While the new facility will focus on raptors, it will also be able to provide educational programs such as a bird banding lab, birding classes, kids’ summer camps, and bird feeder and bird-house building events. Exam rooms, labs, radiology, an Intensive Care Unit and surgical suites will allow BHRC to treat injured birds. The center will finally be able to house birds that require heat to survive the winter. Cold storage will allow Maggie to get the rat refrigerator out of her kitchen. A large oval space, covered with netting as protection against aerial predators, will allow birds to practice flying before being released. The building be built to passive solar specifications; Maggie hopes to live on the land as well.

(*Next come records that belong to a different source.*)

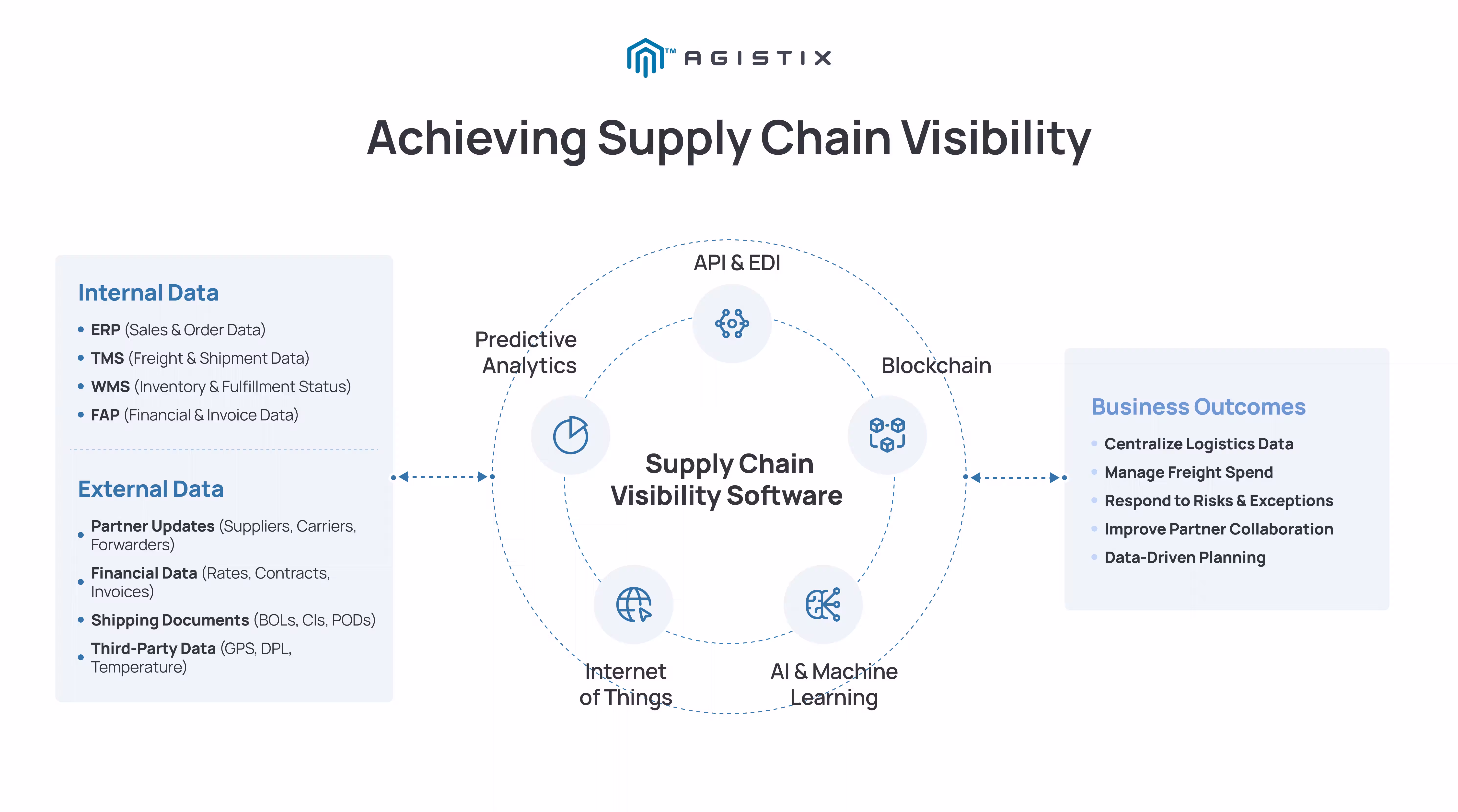 While visibility is essential, many businesses struggle to achieve it effectively. That’s because end-to-end supply chain visibility presents challenges that require the right data infrastructure, system integration, and partner alignment. Agistix helps organizations overcome these barriers by connecting order, shipment, and invoice data across systems and partners in a single, unified platform.
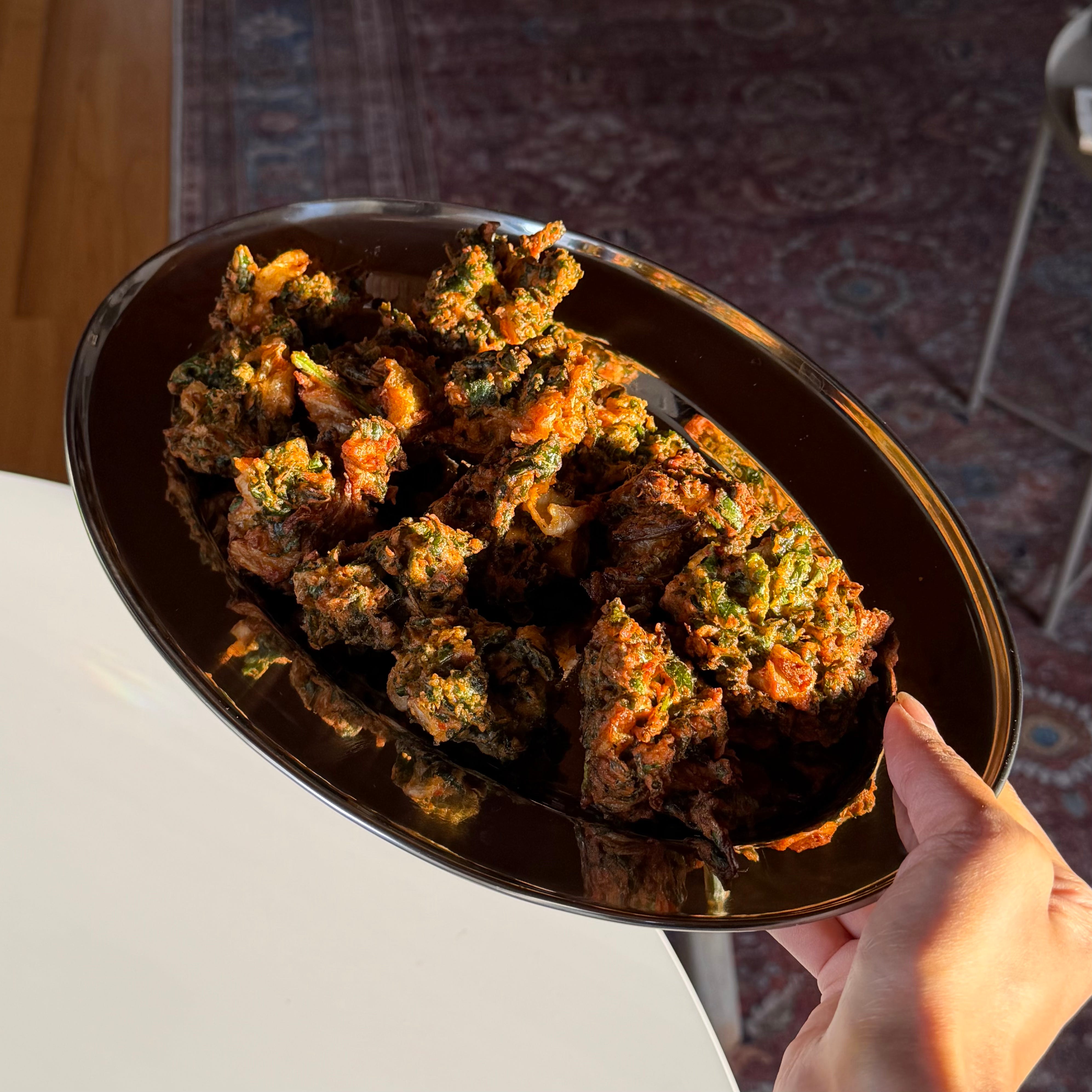 After every pakora that comes out, hit them with a sprinkle of chaat masala right away!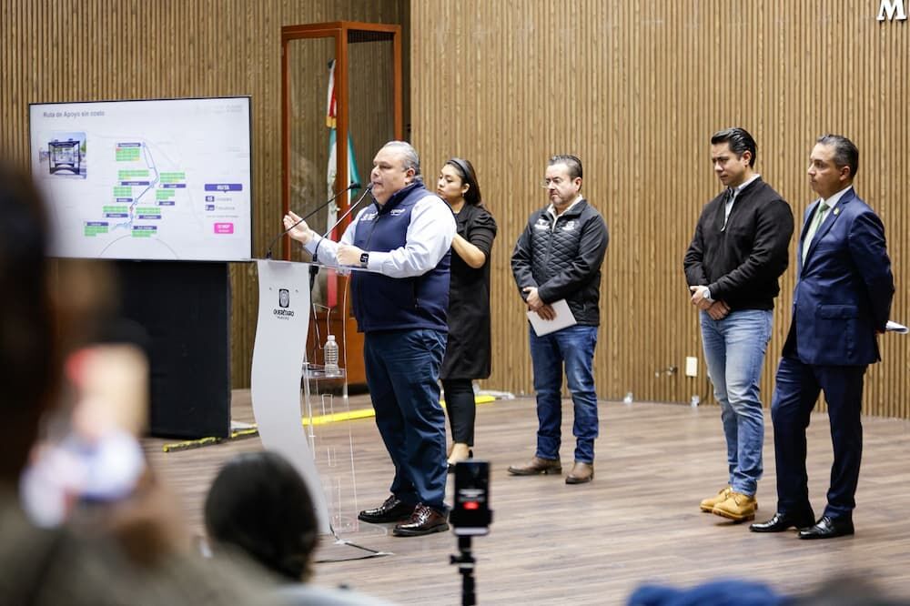 El presidente municipal de Querétaro, Felipe Macías, junto con el secretario de Gobierno, Eric Gudiño Torres; el director de la Agencia de Movilidad del Estado de Querétaro, Gerardo Cuanalo Santos; y el secretario de Movilidad, Pedro Ángeles Luján, dieron a conocer el operativo que se implementará con motivo del inicio de la obra federal del Tren México–Querétaro, con el objetivo de reducir al máximo las afectaciones a las y los habitantes de la capital.

“Mouse school” will enable the birds to learn to hunt so they can survive in the wild. In these mews—bird enclosures–the lower walls will be encased in sheet metal so that live mice released into the rooms cannot escape. In this way, the birds will learn to kill their own food, never seeing the humans who deliver it, and thus be kept from associating food with people—the imprinting that ruined Elise for life in the wild.
How much does it cost to feed a raptor for a day? Little Red Riding Hoot, who weighs about five ounces, can eat up to three mice a day in the coldest winter months at one ounce each, or 60 percent of her body weight. Unfortunately, wild caught mice are not an option since they might carry disease or poison that would kill the educational birds. One domestic mouse costs 95 cents. If Hoot eats 3 mice daily for a cost of $2.85 during 60 days of winter, that winter diet costs $171. If she eats two mice a day for the rest of the year (305 days) her total year’s food bill is $750.50 for 790 mice.
As a comparison, John explains that he weighs 160 pounds and loves homemade macaroni and cheese. But in order to eat in proportion to Hoot’s dietary requirements, he’d have to eat 96 pounds of macaroni every day.
Food for all six raptors at BHRC totals about $282 a month, or around $3,384 per year.
Maggie and John are not alone in their attempts to rescue raptors; a dozen or more volunteers from this area regularly offer help of various kinds. Rabbit breeders at the Central States Fair, for example, often donate unsold rabbits to BHRC for raptor food. One woman was so horrified at the idea that she bought several rabbits to save their lives– until Maggie explained the raptors’ need. Now that the woman understands the importance of feeding the birds and the convenience of using unwanted rabbits, she contributes to the BHRC in several ways.
No central clearinghouse for information on wildlife rescuers exists, but the National Wildlife Rehabilitators Association (http://www.nwrawildlife.org/) estimates that 75% of the hundreds of thousands of animals cared for are affected, almost always negatively, by human activities.
The Black Hills Raptor Center will finally offer South Dakota citizens an opportunity to apologize for that human damage by helping individual birds of prey.
Linda M. Hasselstrom
Hermosa, South Dakota
I wrote this story in September, 2014, to help publicize the BHRC annual “Art on the Wing” fundraiser, held at the Dahl Arts Center in Rapid City. Artists have to “wing it” during the event, going from blank canvas to finished artwork in 90 minutes while an interested public watches over their shoulders. At day’s end, the new art was sold at auction to benefit BHRC’s capital campaign to build a permanent facility.
Besides Elise, the artists observed Phoenix the ferruginous hawk, Icarus the great horned owl, Hendrix the American kestrel, and two Eastern screech owls, Little Red Riding Hoot and Big Bad Wolf.
Artists who attended the 2014 event included: Jim Green, sculptor; Petty Detmers, sculptor; Bob York, western artist; Rae Schneider, colored pencil sketches; Terry McTighe, painter; Tommie Leenknecht, painter; DeDe Farrar, painter; Shaila Peterson, painter; Jackie Kreibel, painter; Mary Jo Marcy, mixed media; Jim Hatzell, sketches and Laine Golliher, sculptor.